Я предпочитаю ни с кем не встречаться. Знаю, что обо мне рассказывают всякое. Что я тронулся, сидя взаперти, — с чем я вполне согласен, надо только встать на точку зрения этих людей. Для них я в самом деле помешанный. Или что я будто бы тайком постригся в монахи, дал обет молчания. Какой обет, откуда им известны такие выражения? Слыхали ли они когда-нибудь о молчальниках, об исихастах, об «умной молитве» Григория Паламы? За многие годы я не видел, чтобы кто-нибудь хотя бы перекрестился… Если я мало с кем разговариваю, то не потому, что лишился дара речи. Просто не считаю нужным обмениваться шаблонными репликами, отвечать на глупые вопросы, задавать самому. Я заранее знаю, что мне ответят.

Пятый час

…не утра, конечно, — в это время я уже собирался лечь. А сейчас на ногах, бодр и свеж, стемнеет — пойду гулять. Сегодня Касьян, — чуть не забыл, что я именинник.

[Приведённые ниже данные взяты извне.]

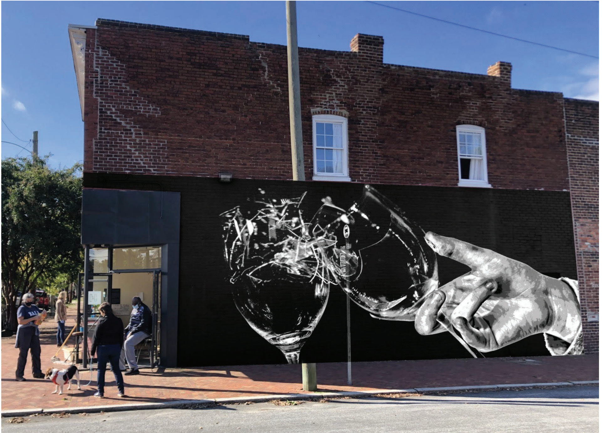
Second Bottle Mural Mock-up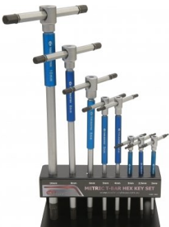
H820 Metric Hex Key Set with T-Bar Handle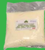
GF Suji/Moong Daal Flour £4.79/kg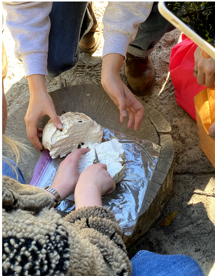
*Puffball Mushrooms (Lycoperdon perlatum)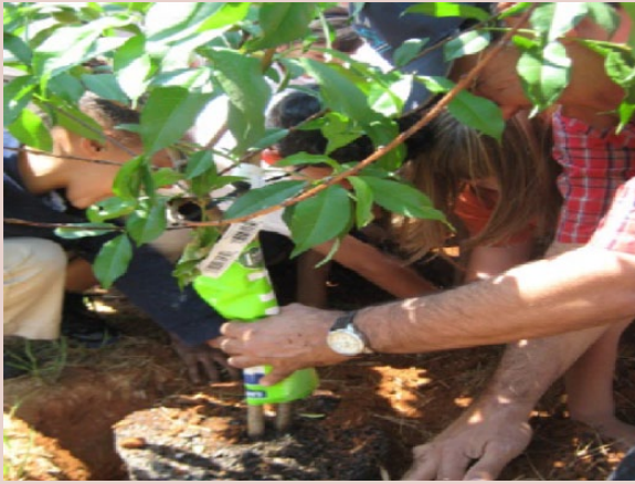
Figure 1. Students get their hands dirty working in the school garden.

change lives. In every cluster, students engage in service-learning projects where they create products—websites, videos, pictures, prototypes, school gardens, clubs, and so on—that address the problems they posed at the cluster's onset to improve their school and/or surrounding community.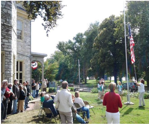
A Star-Spangled Celebration, September 2014

and open house, during which a replica 1814 flag was raised by local girl scouts on our newly refurbished flag pole, accompanied by the singing of the Star-Spangled Banner by professional musicians. The Star Spangled Banner activities were sponsored by the Dauphin County Commissioners.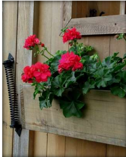
Second Place Country Door Ellen Zimmerman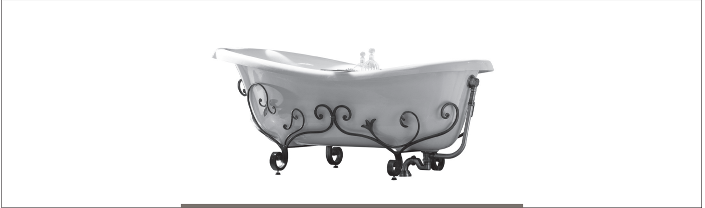
Vasche - Rose - VRP2210R VRP2220R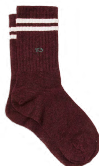
TE08 Burgundy, beige striped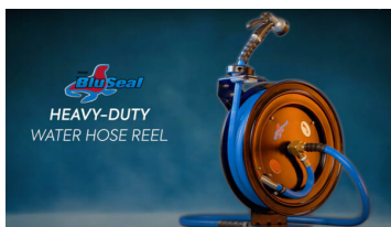
Bluseal Water Hose Reel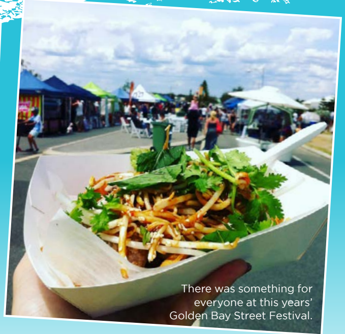
There was something for everyone at this year's Golden Bay Street Festival.

Народная этимология связала это имя со словом «косить»: Касьян с косой в руках, как сама смерть. Високосный год считается несчастливым. Было ли моё рождение несчастьем для родителей, для меня самого?

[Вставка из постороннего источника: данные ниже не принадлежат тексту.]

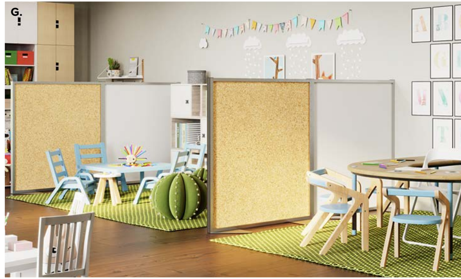
G. 54" H x 36" W Floor Partition in Natural Cork and Magnetic Porcelain Whiteboard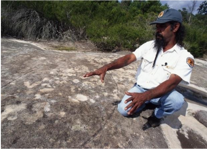
National Park Ranger

After breakfast, we will take a 10 walk to the local Ferry Station and catch the Ferry to Bundeena, a small village in the Royal National Park. On arrival, you will be met by one of the Park's Aboriginal Rangers. You will take a coastal walk lead by the National Park Ranger who will tell you about the Aboriginal history of the area, Dreamtime and show you aboriginal carvings which are thousands of years old. In the late afternoon, transfer back to Cronulla, to prepare for your first game of the Tour. Evening game vs. a local team.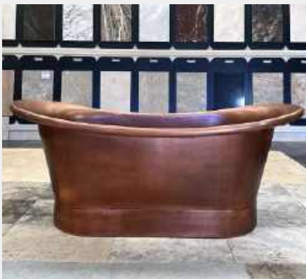
Light Antique Plain Copper Bath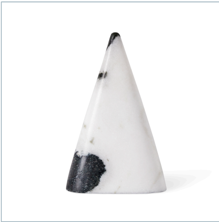
APEX SCULPTURE - PANDA MARBLE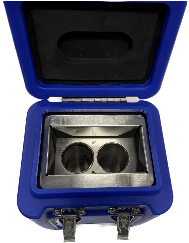
Figure 3: Unit Dose Case, Cylindrical Cavities. Greater Shielding on Left Side (RSS Max Unit Dose Shield) only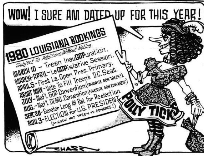
Figure 4: From the February 21, 1980 of The Concordia Sentinel , this Cartoon by John Chase illustrates the multitude of political elections Louisiana faced during 1980, supporting the hypothesis that Louisianians were election-weary by the time of the primary.

The low turnout in the Louisiana primary led many pundits to predict a similar response to the general election. With Reagan's extensive campaigning during the general campaign season, however, voters became enticed by the California governor's conservative messages and, therefore, proved these pundits wrong by netting a much higher turnout, even higher than the national average.

Но, с другой стороны, не так уж плохо появиться на свет 29 февраля, это значит, что мой возраст прибавляется один раз в четыре года. Мой патрон, святой Кассиан, поплатился за чистоплюйство. В наших местах до сих пор рассказывают, как однажды Иисус Христос шёл ненастным осенним днём с двумя святителями, Георгием и Кассианом. Вдруг видят — мужик застрял с возом посреди дороги, надо пособить. Святой Георгий, недолго думая, подвернул портки повыше и полез в грязь. А Касьян стоит на обочине, не желает пачкаться. Двое упёрлись в задок, лошадь дёрнула раз, другой, и вытащили воз. Крестьянин снял шапку, поблагодарил и поехал дальше. Иисус же промолвил: за то, что ты, Егорушка, помог человеку, тебя будут праздновать дважды в году, ты будешь Егорий Вешний и Осенний. А ты, Касьян, поленился, и за это твой день будут отмечать раз в четыре года.

Кажется, он добавил: и год твой будет недобрый.

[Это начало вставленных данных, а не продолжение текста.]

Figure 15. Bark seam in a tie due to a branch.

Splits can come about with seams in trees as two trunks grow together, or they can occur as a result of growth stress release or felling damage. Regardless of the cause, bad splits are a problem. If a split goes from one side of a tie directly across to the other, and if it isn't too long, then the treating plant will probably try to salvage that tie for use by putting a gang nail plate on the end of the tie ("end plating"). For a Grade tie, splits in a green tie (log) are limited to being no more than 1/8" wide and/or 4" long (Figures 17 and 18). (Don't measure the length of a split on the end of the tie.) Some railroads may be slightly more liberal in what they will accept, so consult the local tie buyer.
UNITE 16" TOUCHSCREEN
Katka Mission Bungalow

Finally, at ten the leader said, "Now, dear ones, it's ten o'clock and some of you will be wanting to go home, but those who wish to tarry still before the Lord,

Итак, ставлю дату. День такой же тёмный, ненастный, вот уже и смеркается. Зажглись огоньки в отделениях — между прочим, моя заслуга. Сам я, однако, предпочитаю мою старую, верную керосиновую лампу. Меня раздражает электрический свет. Кроме того, я хочу быть независимым. Бывает, что зимой буран повалит столбы; жди, пока приедет трактор, пока починят линию; а у меня покойно, уютно, я сижу в своём убежище, в тускло-таинственном сиянии, среди теней, в одиночестве и молчании.

Ближе к полуночи

Насчёт «заслуг»: тут особая история. Дела давно минувших дней (как всё). Мы прибыли по распределению. Брак наш, хоть и недавний, трещал по швам, а тут ещё случился выкидыш; я подозревал, что она забеременела от меня. Сейчас мне совершенно ясно, что сомнения не имели под собой никакой почвы. Но тогда последняя соломинка переломила спину верблюда — жена моя уехала. Несколько времени спустя от неё пришло письмо, она писала, что не мыслит своей жизни в глуши, лучше повеситься; а кроме того, даже если вернуться, она не в силах больше выносить мой характер. Я был полностью с ней согласен, клялся и божился, что прошлое не повторится; никакого ответа. Я не мог отделаться от подозрения, что она сбежала к любовнику. Позже до меня дошёл слух, что моя жена умерла — то ли в родах, то ли от позднего криминального аборта. Выходило, что я был прав: она снова с кем-то сошлась.

Я не запил, что было бы естественно; вместо этого рьяно взялся за хозяйство. Свёл дружбу со Степаном Ивановичем, мастером на все руки; втроём с женой и свояченицей они за неделю отремонтировали амбулаторию. Однажды приехал председатель колхоза — к этому времени успели распространиться слухи о моём врачебном искусстве. Ничего страшного у председателя не оказалось, но он считал, что болен опасной болезнью, и, выписываясь, спросил: сколько я хочу взять за лечение? Я сказал: а вот ты мне лучше проведи электричество. Назавтра — откуда что берётся? — явились рабочие, поставили столбы, подключили к сети. В селе до одиннадцати работает движок, потом всё гаснет, — у меня в отделениях всю ночь горит свет.

На другой день

Сказав, что я ни с кем не общаюсь, я всё же погрешил против истины. К примеру, вышеупомянутый Степан Иванович. Это невысокий жилистый мужик с серыми, всё ещё густыми волосами, серым цветом лица и хрустальным блеском глаз, какой бывает у лёгочных больных. Он приходит, осматривается, я показываю кивком, но он и сам уже понял: чинит проводку (приходится всё же пользоваться электричеством) или поправляет оконную раму. Добыл где-то доски и починил крыльцо. Дом потихоньку разваливается, и если бы не Степан Иванович, я давно лишился бы крова. Таких людей можно встретить только в сельской глуши: чеховский Редька, гоголевский расторопный мужик не в немецких ботфортах.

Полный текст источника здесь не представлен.